The act, will impose a small $75 fee on real estate transactions (excluding home sales) and will help to generate upwards of $500 million dollars to help with our housing crisis in California. This funding stream will also generate 29,000 new jobs in the construction sector as well. More homes and jobs through the California Homes and Jobs Act means less tax payer dollars towards preventing and managing homelessness at a higher cost further down the road
Thank you to all 1200+ HomeWalkers who signed the letter in support of SB 391!
Didn’t get a chance to sign the advocacy letter? Sign this petition to make homes and jobs a priority in 2014!
Additional information sessions are being held on the CES funding area specifically. For more, please click HERE.

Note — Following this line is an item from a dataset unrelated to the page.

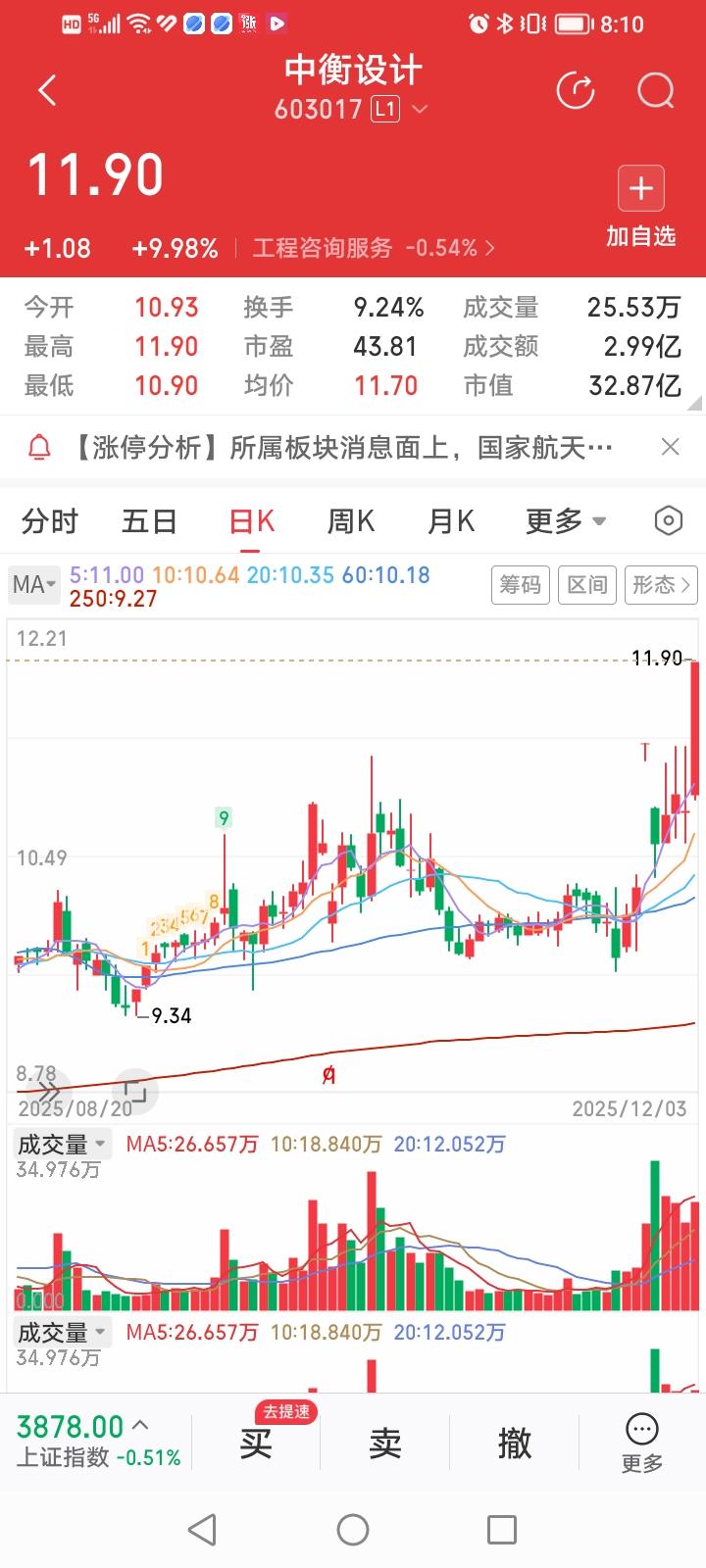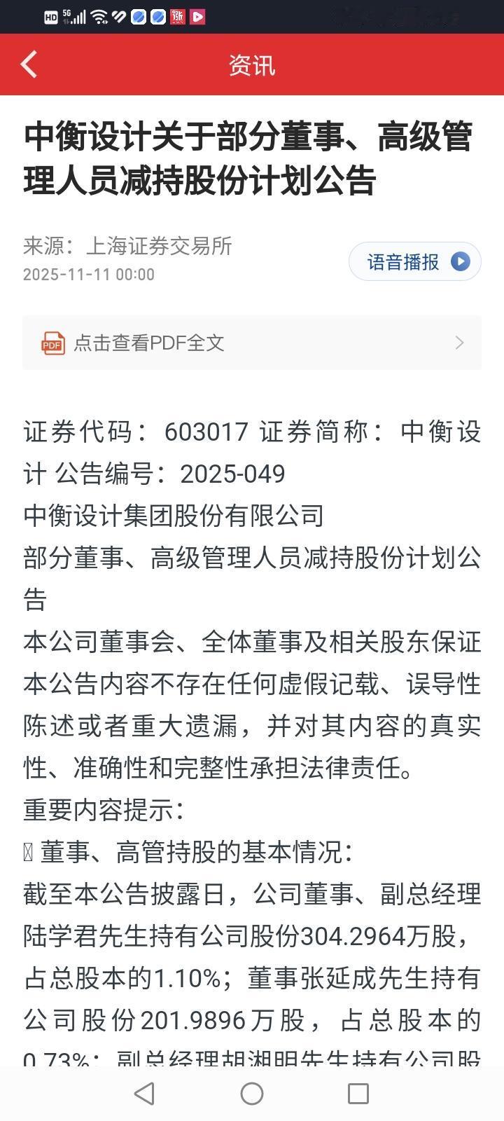 什么情况?中衡设计11月11日刚发布股东减持预披露计划,按照相关规定,发布减持预披露计划十五个交易日后,才能正式减持,而今天正好是发布减持预披露计划之后的第十五个交易日,股价居然涨停了,是巧合吗? 太阳底下没有新鲜事。有一种减持叫拉高出货减持,不知道中衡设计是否属于这一种?在大A就有不少机构具有这种神功,不拉高没人跟风炒作,出不了货。 中衡设计基本面并不是很优秀,其动态市盈率高达43.81倍,行业属性也不算太好,但不耽误它拉旗杆涨停。

Over 100 supporters and advocates joined United Way and Home For Good at a special screening event last night at ArcLight Cinemas Hollywood!
Our kickoff screening of the documentary film, @home, was a great success helping to spread the word about homeless services and the work of Home For Good and our partners to create lasting change in LA. The film spotlights the issue of homelessness through the personal stories of people experiencing homelessness across the nation. After the film, we were honored to have a strong panel, including the subject of the film Mark Horvath, United Way supporter and volunteer Marti McFall, and Home For Good Business Leaders Task Force Co-Chair Jerry Neuman.
We would like to give a special thank you to the following supporters who helped make this night possible:
Thank you to everyone that attended the screening and for those of you that donated at the event! Check out pictures from the event on our Facebook HERE!
On Monday, March 3rd, our intern Liz Ul joined Director, Christine Marge, and Business Leaders Co-Chair Jerry Neuman the openning of a newly renovated permanent supportive housing project in South LA and brought back this review of the event and the partnerships that brought this project together.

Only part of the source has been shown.